Self-organized explosive synchronization in complex networks: Emergence of synchronization bombs
Llu\'is Arola-Fern\'andez, Sergio Faci-L\'azaro, Per Sebastian, Skardal, Emanuel-Cristian Boghiu, Jes\'us G\'omez-Garde\~nes, Alex Arenas

TL;DR
This paper introduces a self-organized, stochastic mechanism for explosive synchronization in complex networks, revealing structural signatures and demonstrating control in both oscillatory and biological systems, with analytical insights into the transitions.
Contribution
It presents a novel self-organized process for explosive synchronization, combining local rules and stochastic optimization, applicable to diverse systems including neural and power-grid networks.
Findings
Identification of structural features like frequency-degree correlations and disassortative patterns.
Demonstration of explosive transitions in both periodic and chaotic oscillator models.
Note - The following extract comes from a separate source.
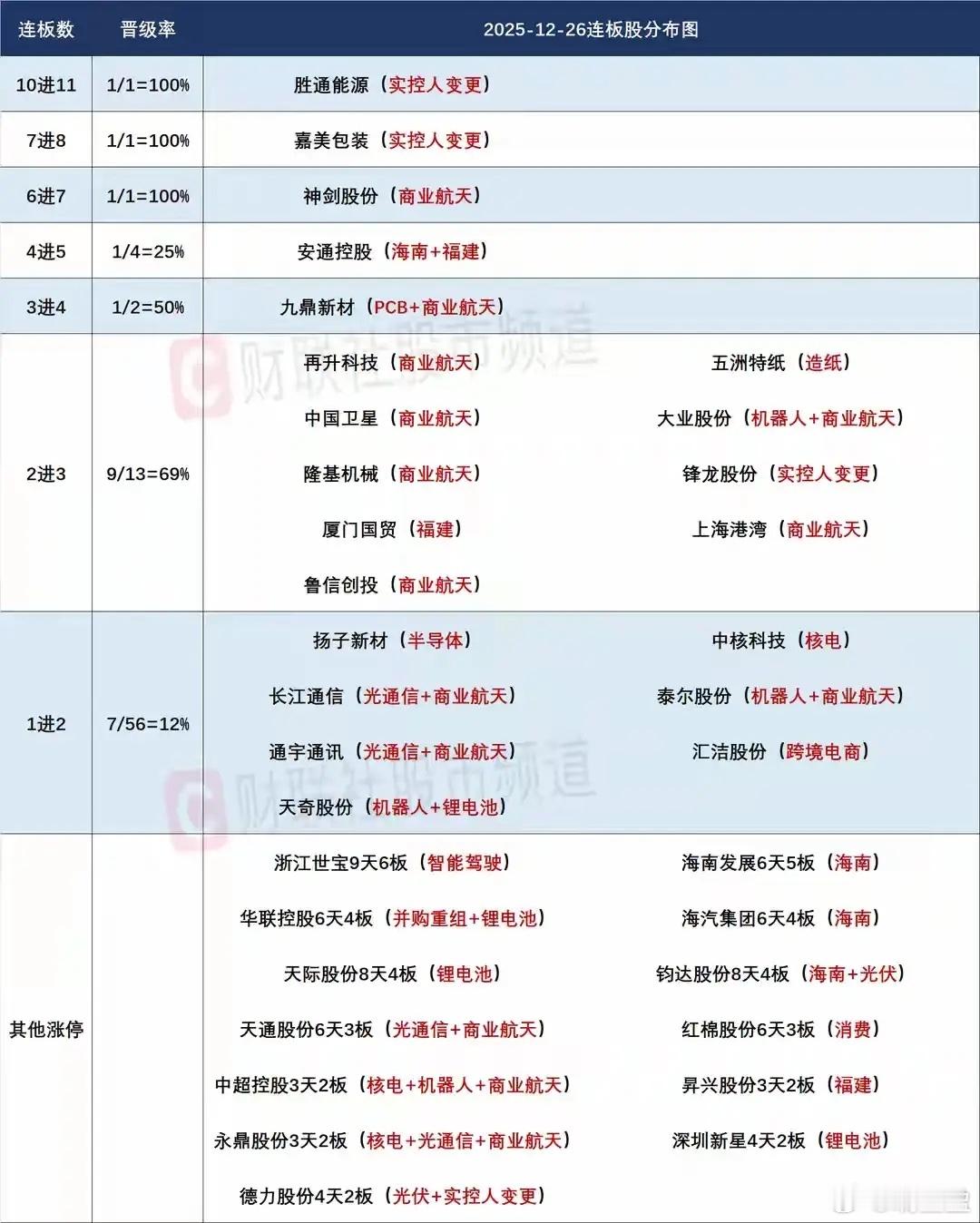 12月29日盘前预案:沪指冲击九连阳 神剑挑战异动成核心看点沪指已然斩获八连阳,这样的强势走势在2025年仅在8月出现过一次。从周末市场情绪来看,资金对沪指冲击九连阳普遍抱有期待。上周五市场量能显著放大,盘中更是顶住剧烈分歧逆势走高,足见资金做多、推动指数突破的信心。眼下年内仅剩三个交易日,沪指冲击4000点的窗口仍在,这大概率是2025年牛市行情收官阶段的核心诉求。即便部分资金存在节前避险需求,抛压也更可能集中在次日释放,今日市场情绪依旧值得期待。胜通强势晋级11连板,在今年严重异动规则的约束下,仅有同属重组概念的天普曾达成这一高度。该股上周五迎来爆量分歧,但走势与此前天普的表现高度相似,足见其韧性。如今能制约它的,唯有停牌风险。周末消息面明确,若胜通继续上涨,将触发主动申请停牌的条件;无独有偶,同样身处重组赛道、斩获八连板的嘉美,也传出了同类消息。这释放出监管层对严重异动个股的明确态度,因此胜通今日的表现至关重要。倘若胜通出现明显负反馈,势必会影响神剑冲击异动的节奏;但要是胜通延续强势,神剑挑战异动的底气将大幅增强。从板块效应与自身趋势来看,神剑都是当前市场破局龙头的最优候选。商业航天板块连续三日掀起涨停潮,这波强势行情的背后,离不开近期商业火箭密集首发的催化。盘后更是传来利好,商业火箭企业适用科创板第五套上市标准的细则正式落地,对板块构成直接提振。不过利空因素同样存在,美股商业航天板块上周五晚间大幅回调,且原定于周末首发的天龙三号火箭官宣延期,叠加板块连续高潮后分歧欲望强烈,今日商业航天前排标的能否顶住压力、延续强势,将成为一大关键看点。作为商业航天当之无愧的龙头,神剑以7连一字板的凌厉走势,剑指严重异动红线。今日竞价表现将是重要信号:若竞价继续一字开盘,意味着资金挑战异动规则的信心充足,只要胜通不出现负反馈,即便商业航天板块迎来分歧,神剑也大概率会有资金强势维护,板上的放量分歧节点值得重点关注,若能承接住抛压完成回封,即便分歧加剧,凭借其超高热度,晋级挑战异动的希望依旧很大;反之,若竞价主动撤单、放弃一字开,则说明资金做多信心不足,一旦板块分歧蔓延,神剑很难获得资金合力支撑。航发是带动商业航天走强的人气标杆,相城大道大手笔让利市场7000万的操作,尽显格局。航发今日能否延续强势,将直接影响板块情绪走向。即便它很难继续连板,能否维持强势震荡的趋势,也值得密切跟踪,只要航发稳住,商业航天即便分歧,整体趋势也不会轻易走坏。卫星则是商业航天赛道的核心权重标的,凭借近千亿市值斩获三连板,其难度不亚于神剑的七连板。卫星能否守住上升趋势,是衡量商业航天分歧程度的另一重要风向标:若卫星趋势稳健,板块大概率只是良性小分歧;一旦卫星走弱破位,商业航天或将迎来深度调整。通宇正开启强势第三波行情,无奈恰逢板块分歧窗口。上周五它曾逆势涨停,尽显韧性,今日它是像二波行情那样直接掉头向下,还是能在高位稳住震荡,将成为观察商业航天高低切换的关键。二连板的泰尔则是小盘股的代表标的,兼具商业航天、锂电、机器人三大热门概念,堪称当前市场的“题材混血儿”。在商业航天分歧预期升温的背景下,泰尔能否切换主线、走出补涨行情,值得期待。上周五它以放量T字板晋级二板,足见资金认可度,若今日开盘能获得资金强势承接、主动冲击涨停,便可重点关注。首板方向中,超的热度居高不下,1+1的走势十分亮眼,今日即将冲击前高压力位。6.42元的前高价位将是其关键考验:若开盘便能站稳该位置,且核电板块同步发力,超有望成为资金高低切换的优选;反之,它很可能重蹈上周五华菱的覆辙,冲高回落。若今日早盘商业航天迎来深度分歧,市场资金势必会寻求新的突破口。隔夜外围白银大涨,或将带动有色板块异动,不过该板块近期多是一日游行情,持续性存疑。即便江铜凭借高辨识度迎来冲高,从短线视角来看也并非好的买点,追涨需谨慎。机器人板块则呈现分化态势,除了锋龙、天奇两只优必选概念股表现突出外,其余标的均未打开高度。不过上周五板块迎来一批首板股,说明资金仍在积极挖掘。锋龙的强势表现颇有胜通的影子,而天奇今日的分歧节点或许暗藏机会,关键要看机器人板块能否形成资金共振,若板块情绪回暖,天奇的分歧放量,大概率会被资金视作低吸良机。

Analytical characterization of transitions using collective coordinates and Ott-Antonsen ansatz.
Abstract
We introduce the concept of synchronization bombs as large networks of coupled heterogeneous oscillators that operate in a bistable regime and abruptly transit from incoherence to phase-locking (or vice-versa) by adding (or removing) one or a few links. Here we build a self-organized and stochastic version of these bombs, by optimizing global synchrony with decentralized information in a competitive link-percolation process driven by a local rule. We find explosive fingerprints on the emerging network structure, including frequency-degree correlations, disassortative patterns and a delayed percolation threshold. We show that these bomb-like transitions can be designed both in systems of Kuramoto -- periodic -- and R\"ossler -- chaotic -- oscillators and in a model of cardiac pacemaker cells. We analytically characterize the transitions in the Kuramoto case by combining a precise…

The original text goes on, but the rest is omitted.